Também examinando esse mesmo cenário do conflito entre o capital e o trabalho, o lúcido professor da Universidade de Tóquio, Akihiko Tanaka, divide o mundo pós-Guerra Fria em três esferas: a esfera Caótica, a esfera Moderna e a esfera da Nova Idade Média. O critério para a sua classificação é o grau de maturidade da democracia e da economia de mercado. Akihiko discute a interdependência de várias forças, comparando o mundo contemporâneo — em que corporações, ONGs e outras instituições não-governamentais dos países industrialmente avançados, que controlam diretamente o desenvolvimento da comunidade internacional — com a Idade Média, quando os senhores feudais, a Igreja e os burgos exerciam o poder multilateralmente. (Akihiko Tanaka in Nova Idade Média, Nihon Keizai Shimbun-sha, 1996).
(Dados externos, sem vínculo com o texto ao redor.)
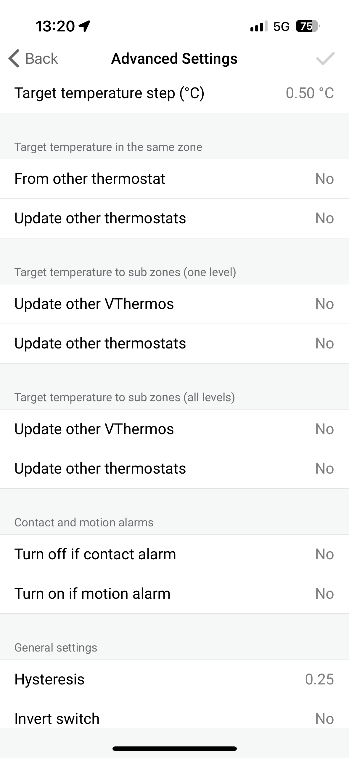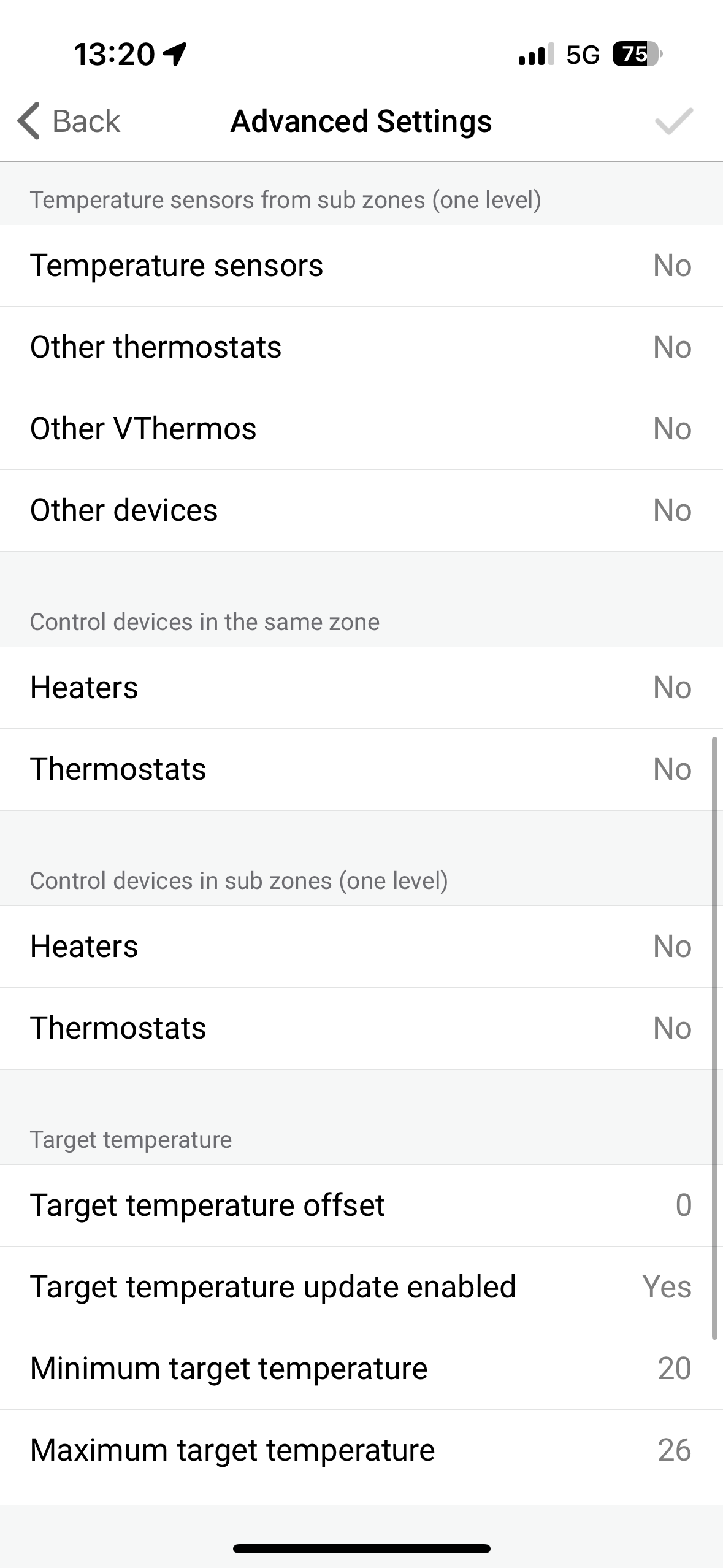 I have a tasmotized Sonoff TH16 switch that has temperature and humidity sensors. It is a device included in Homey via the app Tasmota MQTT. It works fine and temperature and humidity are well detected. I confined it into a zone and, in settings, put âHeaterâ in âWhatâs plugged inâ. I tried to control through VThermo, but no matter which VThermo settings checkbox I select, it doesnât work (which means that: VThermo doesnât show current temperature and subsequently I cannot activate/deactivate the switch raising or lowering the VThermo graphic control).

Fernando Catroga, escritor português é defensor de uma política educacional global que vise à construção de um Homem Novo ao longo de gerações, como uma garantia de uma nova ordem societária, pressupondo uma alteração total no plano institucional. Uma verdadeira revolução no plano institucional, especialmente como produtora e reprodutora dos novos ritos e valores da dignidade humana, baseados na ciência, na moral e na educação cívico-solidária. E num altruísmo socializante que necessita de ser pedagogicamente alimentado e cultivado desde a infância, onde a escola e a educação, como espaço de uma nova sociabilidade, desempenhem um elo, um elemento essencial, à preservação e garantia da vida. (Catroga, autor citado, O Republicanismo em Portugal, Coimbra, Coleção Estudos – 15, Faculdade de Letras da Universidade de Coimbra).
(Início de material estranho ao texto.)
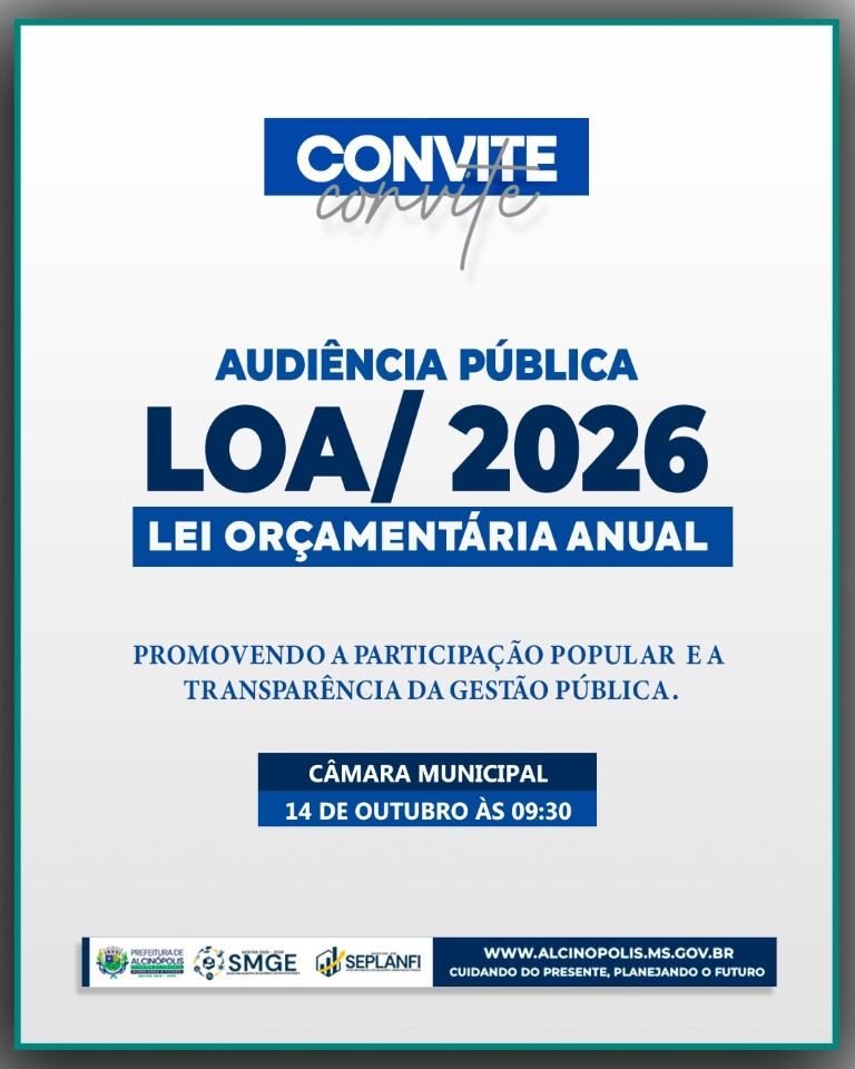 A administração de Alcinópolis convocou audiência pública para discutir a proposta da Lei Orçamentária Anual (LOA) de 2026. O encontro está marcado para esta terça-feira (14), às 9h30, no plenário da Câmara Municipal.

Assim, como Leonardo Boff e tantos outros pensadores humanistas da modernidade, defensores da prevalência do social em detrimento do mero interesse particular do lucro, entendemos deva ser o homem, o ser humano, a medida de todas as coisas, urgindo, pois, a unificação das forças vivas de cada nação para num trabalho unitário construamos um Estado Nacional que tenha como compromisso a promoção da solidariedade entre os cidadãos do mundo.

Um Estado que seja detentor de uma estrutura orgânica educacional completa do homem, onde prevaleça a Justiça, a Paz, perseguindo a retomada e o aceleramento de um desenvolvimento econômico sustentado e atendimento às necessidades gerais de seus cidadãos. Um buscar e assegurar a todos o pleno emprego, dignificando-se assim a pessoa humana, criando-se um mundo novo e possível, onde não haja desesperançados, desiludidos e excluídos.

Revista Consultor Jurídico, 7 de março de 2002.